::: Available records :::

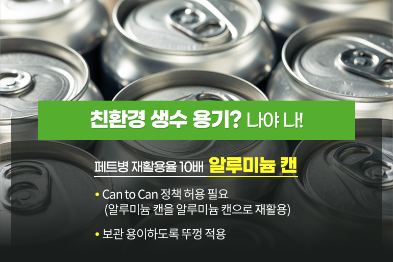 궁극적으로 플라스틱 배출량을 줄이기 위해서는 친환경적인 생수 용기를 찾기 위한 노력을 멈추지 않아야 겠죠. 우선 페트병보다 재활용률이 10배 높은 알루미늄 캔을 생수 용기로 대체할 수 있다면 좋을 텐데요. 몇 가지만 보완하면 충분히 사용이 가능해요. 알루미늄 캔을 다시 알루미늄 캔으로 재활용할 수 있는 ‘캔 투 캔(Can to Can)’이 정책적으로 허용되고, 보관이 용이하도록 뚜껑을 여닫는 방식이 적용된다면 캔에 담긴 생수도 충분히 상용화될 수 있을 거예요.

:::
::: Available records :::

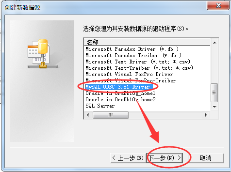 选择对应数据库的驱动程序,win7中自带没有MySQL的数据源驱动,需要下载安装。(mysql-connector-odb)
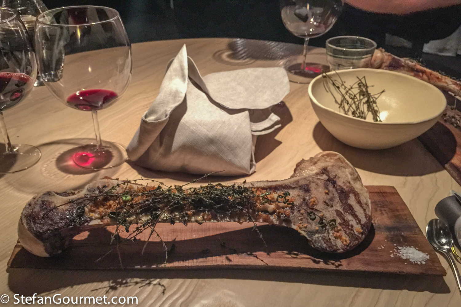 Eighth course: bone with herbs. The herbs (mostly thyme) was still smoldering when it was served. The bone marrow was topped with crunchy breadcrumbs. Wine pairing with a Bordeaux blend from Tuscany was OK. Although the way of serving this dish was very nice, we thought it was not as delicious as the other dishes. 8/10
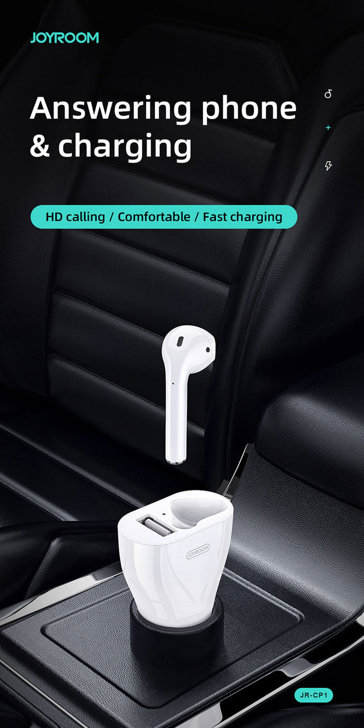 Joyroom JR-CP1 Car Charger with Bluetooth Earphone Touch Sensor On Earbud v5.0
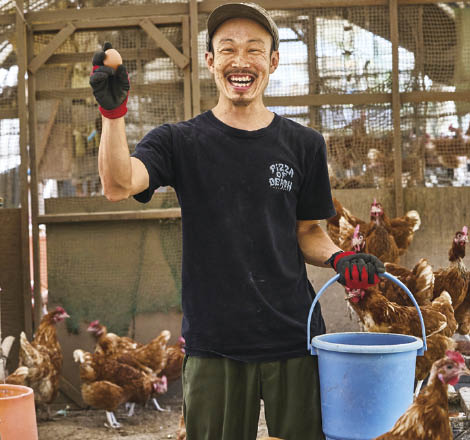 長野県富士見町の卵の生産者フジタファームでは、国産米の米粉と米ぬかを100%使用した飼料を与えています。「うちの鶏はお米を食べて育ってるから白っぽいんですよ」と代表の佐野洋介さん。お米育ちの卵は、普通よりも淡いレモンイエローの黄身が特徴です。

:::

Everything above from the line with "Eighth course: bone" through the line with "長野県富士見町の卵の生産者フ" should be retyped exactly, and nothing else; omit pictures.

 Eighth course: bone with herbs. The herbs (mostly thyme) was still smoldering when it was served. The bone marrow was topped with crunchy breadcrumbs. Wine pairing with a Bordeaux blend from Tuscany was OK. Although the way of serving this dish was very nice, we thought it was not as delicious as the other dishes. 8/10
 Joyroom JR-CP1 Car Charger with Bluetooth Earphone Touch Sensor On Earbud v5.0
 長野県富士見町の卵の生産者フジタファームでは、国産米の米粉と米ぬかを100%使用した飼料を与えています。「うちの鶏はお米を食べて育ってるから白っぽいんですよ」と代表の佐野洋介さん。お米育ちの卵は、普通よりも淡いレモンイエローの黄身が特徴です。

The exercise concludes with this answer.